Consumer spending, meanwhile, which accounts for more than two-thirds of economic activity, rose 0.2% last month after an unrevised 0.7% jump in March.
MARKET REACTION:
STOCKS: U.S. stock futures pared losses after the PCE data.
BONDS: U.S. Treasury 10-year yields turned higher post-PCE.
FOREX: U.S. dollar was last down 0.3% against the yen at 143.78 yen
COMMENTS:
GENE GOLDMAN, CHIEF INVESTMENT OFFICER, CETERA INVESTMENT MANAGEMENT, EL SEGUNDO, CA
“Core PCE the Fed’s preferred measure of inflation came in a little bit mild which is the direction the fed wants to see. However, we know that tariffs tend to be deflationary at first because higher prices hurt demand, so the Fed will be more focused on the next few inflation readings for the true impact of tariffs on inflation.”
“While there were no surprises in the PCE number, markets were focusing their attention more on the U.S. China trade discussion which based on comments from Trump and Bessent seem to be hitting a roadblock.”
CHRIS ZACCARELLI, CHIEF INVESTMENT OFFICER FOR NORTHLIGHT ASSET MANAGEMENT IN CHARLOTTE (VIA EMAIL)
“We haven’t heard much from the Fed this year, and if the data continues like it has so far, then they are likely to stay in the background. This year has been all about tariff and trade policy and because there has been little in the way of inflation or unemployment surprises, the Fed has been able to stand aside and leave rates unchanged.”
“At some point the tariff uncertainty has to be addressed – and if it can be done quickly enough before damage is done to the economy, then there can be a resumption of the bull market and we can go back to all-time highs, however, if it takes too long to get clarity and the economy begins to stall, then the Fed will have no choice but to cut rates aggressively – so for those looking for rate cuts, be careful what you wish for.”
ART HOGAN, CHIEF MARKET STRATEGIST, B RILEY WEALTH, BOSTON
“The economic data this morning is supportive and positive but the market overall is still trying to sort out where we are in the trade war. So we went from a place where it felt as though, you know, investors had a pretty good handle on the direction of trade and tariffs.
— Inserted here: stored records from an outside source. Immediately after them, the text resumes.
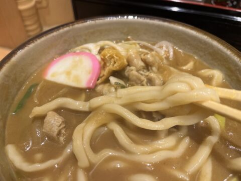 スープは、とろみはあるものの、比較的サラッとしたタイプ。甘みのある複雑な和風出汁は、流石名古屋のカレーうどんといった感じでした。
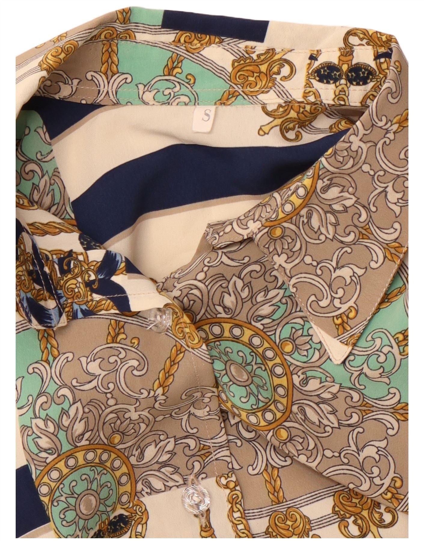 Camicetta camicia oversize da donna vintage con motivo astratto UK 10 piccola Beige
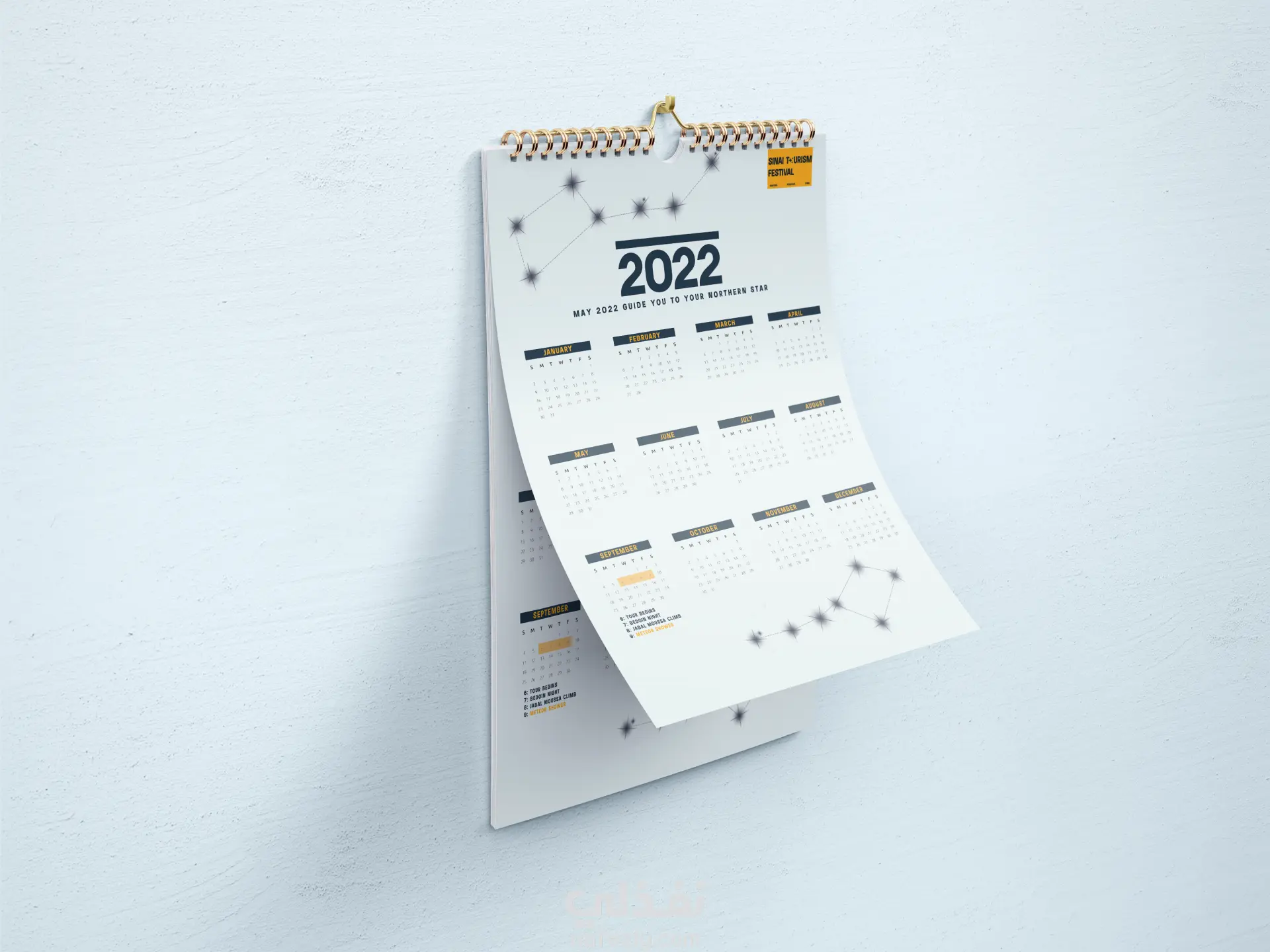 مع تقويم سنوي، يتضمن كوكبتي "الدب الأصغر" و"الدب الأكبر"، واللتين تُستخدمان عادةً لتحديد المسار.

And now that picture has become very confusing. The focus for markets right now are where exactly do we stand and how long does it take to find an exit on this trade war highway.”
PETER CARDILLO, CHIEF MARKET ECONOMIST, SPARTAN CAPITAL SECURITIES, NEW YORK
“We had good numbers here on the inflation front, both on a monthly basis and yearly basis, and the fact that year-to-year top line inflation is at 2.1%. That’s just a tenth of a percentage point from the Fed target.”
“So that’s good news. And in terms of personal income, that was much stronger than we expected spending in line with expectations 0.2 tenths of a percent is exactly what we were looking for. And that just simply means there’s a lot of cautiousness out there on the part of consumers.”
“Bottom line, I think this should alleviate some inflationary fears, but again the uncertainties over the trade war, which seem to be getting be worse by the day may not do justice to these numbers.”
“But we still don’t have the full effects of this trade war, you know. It’s a very confusing situation at the moment. Things change on a daily basis.”
“So I think you know that’s why I said these numbers are likely to take a backseat in terms of the markets are concerned only because we have a lot of confusion over the real status of this trade war, and that includes the inflationary aspect.”
BRIAN JACOBSEN, CHIEF ECONOMIST, ANNEX WEALTH MANAGEMENT, MENOMONEE FALLS, WISCONSIN
“Real personal income excluding transfer receipts – a key measure of earning power – rose 0.3% for the month, which isn’t bad at all. People chilled out from binge buying goods out of fear of tariffs to spending on services. Although the price index for durable goods shot up 0.5% for the month, the rotation into services helped push headline inflation ever closer to the Fed’s target. The market-based reading of inflation is already below the Fed’s target. Instead of worrying so much about inflation happening before job losses, the Fed might want to consider that the labor market will weaken first.”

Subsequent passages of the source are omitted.